In the code below, I used unifrnd(-5, 5, 1000, 1) which generated a 1000x1 vector of uniform random number between -5 and 5.

How do I estimate the PDF for X?

Code: 
rng;
X = unifrnd(-5, 5, 1000, 1) - unifrnd(-5, 5, 1000, 1);
bincenters = (-5:0.5:5);
bins = length(bincenters);

h = zeros(bins, 1);              %  pre-allocating h

for i = 1:length(X)
    for k = 1:bins
        if X(i) > bincenters(k) - 0.5/2 && X(i) <= bincenters(k) + 0.5/2
            h(k, 1) = h(k, 1) + 1;
        end
    end
end

pxest = h/(1000*0.5);

bar(bincenters, pxest)

What are you really trying to do?

There is no need to "estimate" this distribution you know it, it is the symmetric triangular distribution with support (-10,10).

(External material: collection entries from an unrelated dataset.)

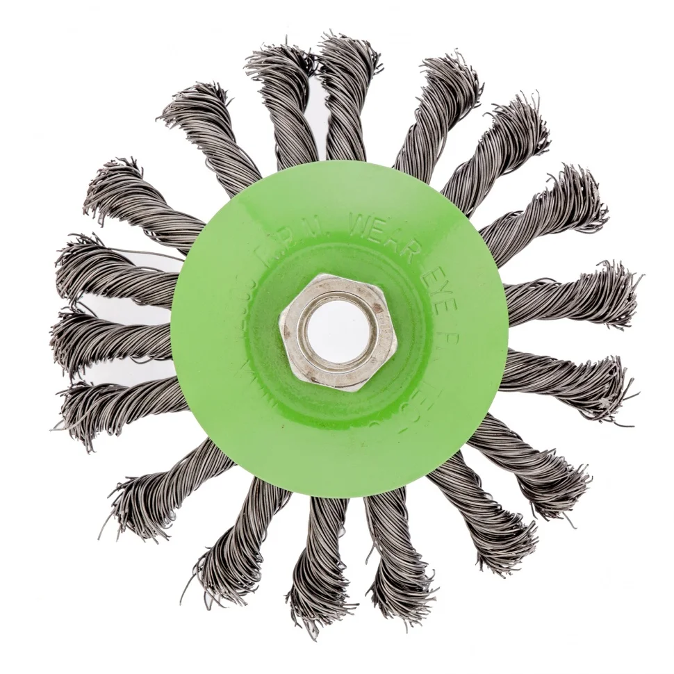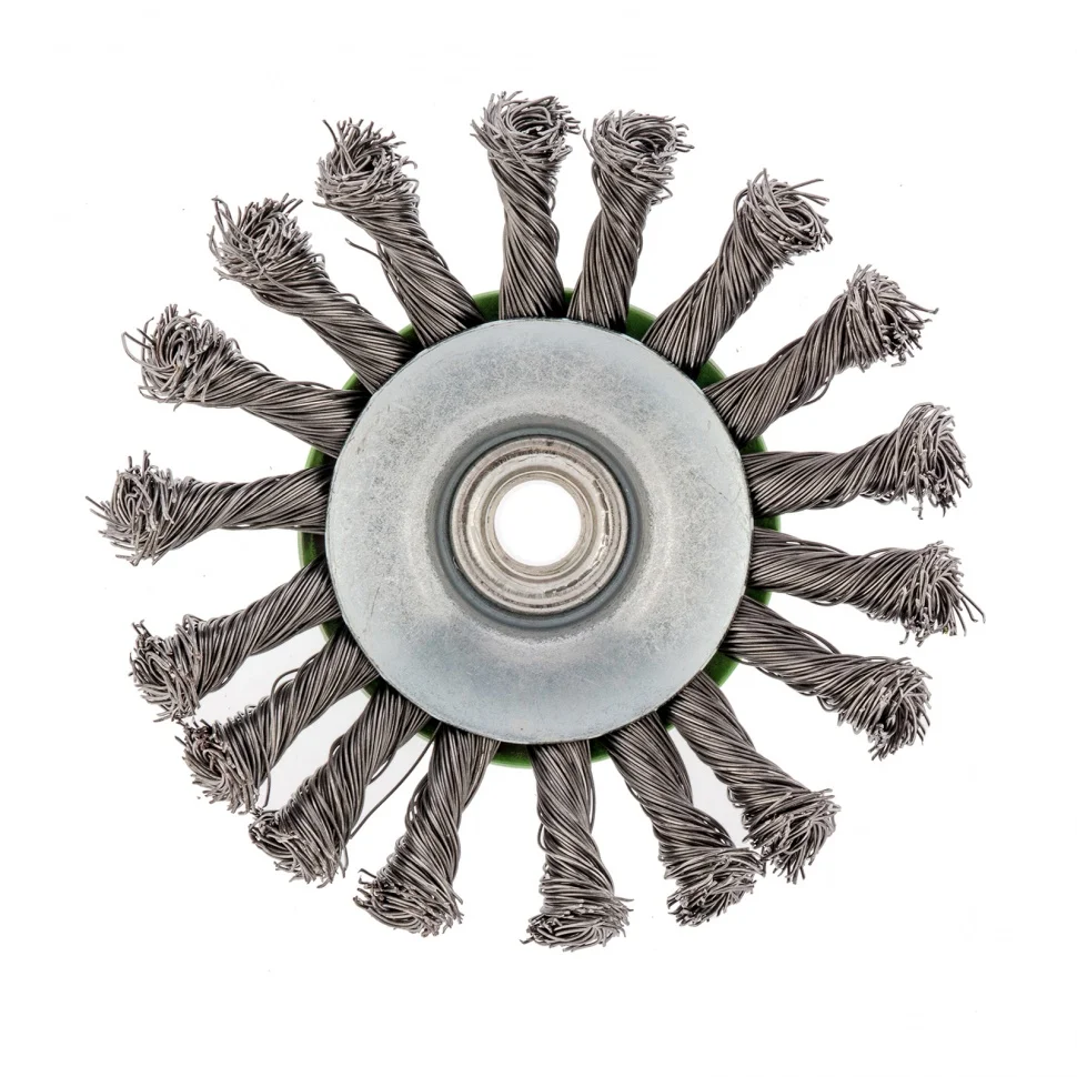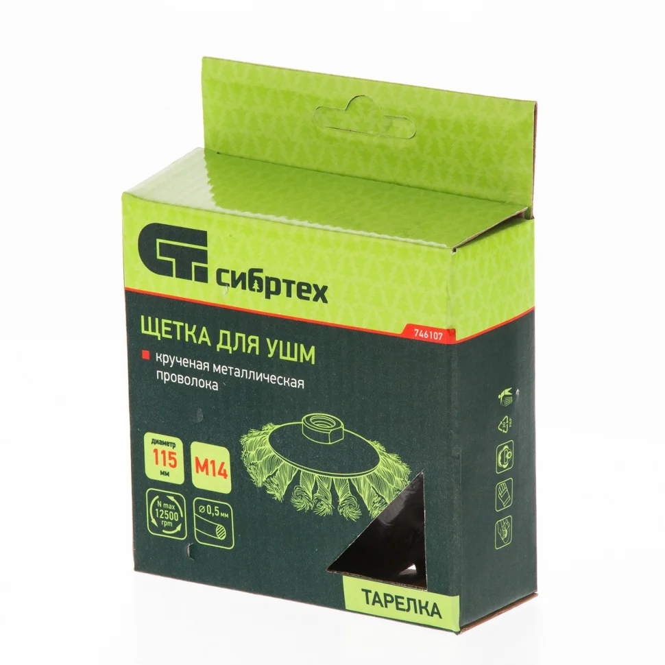 Щетка «тарелка» для УШМ Сибртех 746107 диаметром 115 мм, с крученой проволокой 0,5 мм и гайкой М14 — это универсальный инструмент для обработки плоских поверхностей и углов. Справляется с удалением ржавчины, загрязнений и старых ЛКМ. Щетка устанавливается в качестве оснастки на вал УШМ и рассчитана на эксплуатацию при скорости до 12500 об/мин.ПреимуществаВысококачественная стальная проволока — щетка прослужит долго.Крученая щетина — оснастка легко справляется с грубой (черновой) обработкой поверхностей, что позволяет снимать толстый слой материала.Универсальность — щеткой можно работать с любыми твердыми поверхностями: металлом, древесиной, пластиком и др.Стойкость к коррозии — эмалевое покрытие на корпусе и масляная пленка на щетине предотвращают появление ржавчины на щетке.
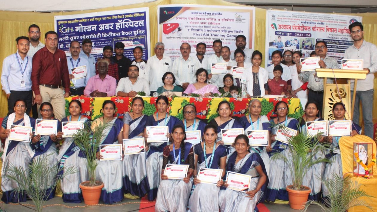येथे अध्ययन पॅरामेडिकल कॉलेज व हॉस्पिटल तर्फे प्रथमोपचार प्रशिक्षण शिबिराचे आयोजन करण्यात आले,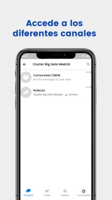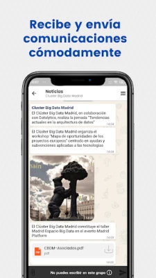 Con la aplicación de Tellfy Cluster Big Data Madrid tendrás acceso al espacio de comunicación privado para asociados, donde recibirás comunicaciones del Cluster y podrás contactar también con otros socios desde la aplicación.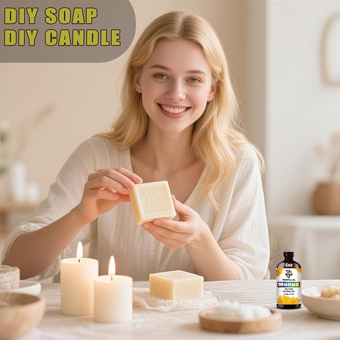- PACKAGING: Enjoy our premium Mango Essential Oil in a large 4 oz (120ml) UV-protected amber glass bottle – specially designed to block harmful light and preserve the oil's natural fragrance. The leak-proof dropper cap ensures mess-free use while locking in freshness. This generous size offers exceptional value compared to standard 1 oz bottles.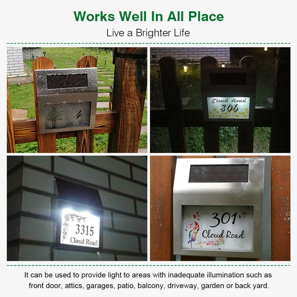 Современный Солнечный свет из нержавеющей стали (класс ip44) светильник в темноте, 5 мм Противоударная прозрачная стеклянная акриловая передняя панель, задняя панель с алюминиевым эффектом, поставляются нержавеющие стойки и крепления, внешний глянцевый черный винил с вашим номером и названием улицы или названием дома, новый Римский шрифт Times.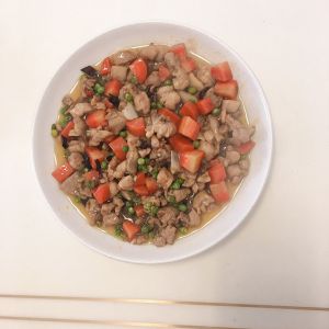 黄瓜胡萝卜切丁,嫩豌豆,水开一起放进锅里煮熟备用
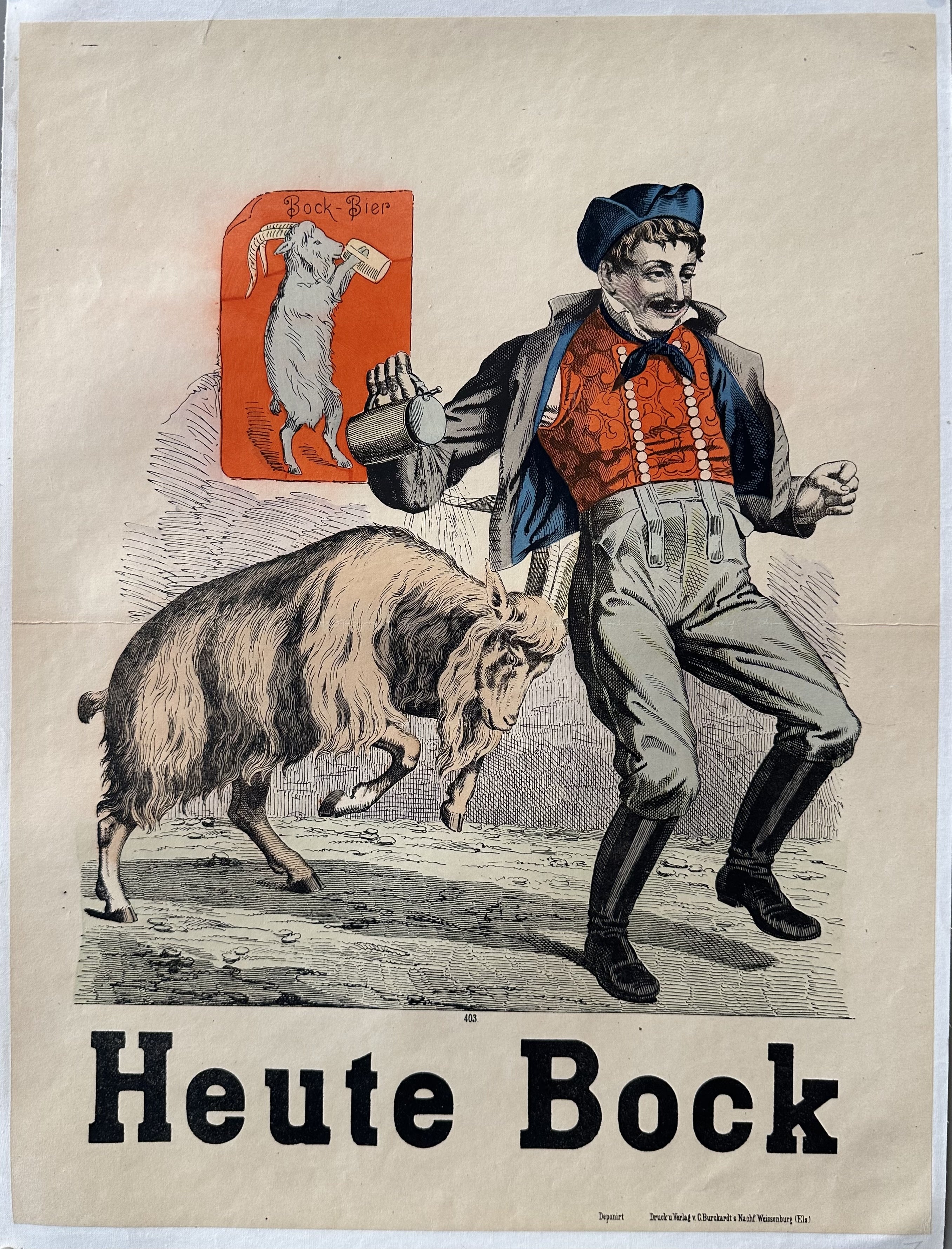 Advertising poster from German beer brand Bock-Bier featuring a man being rammed by a goat.

Otherwise google "kernel density estimation", or "matlab ksdensity".

.
 
zzephod said:
What are you really trying to do?

There is no need to "estimate" this distribution you know it, it is the symmetric triangular distribution with support (-10,10).

Otherwise google "kernel density estimation", or "matlab ksdensity".

.

I just doing a problem out of a book on stochastic processes.
 
dwsmith said:
I just doing a problem out of a book on stochastic processes.

What is the exact wording of the problem.

.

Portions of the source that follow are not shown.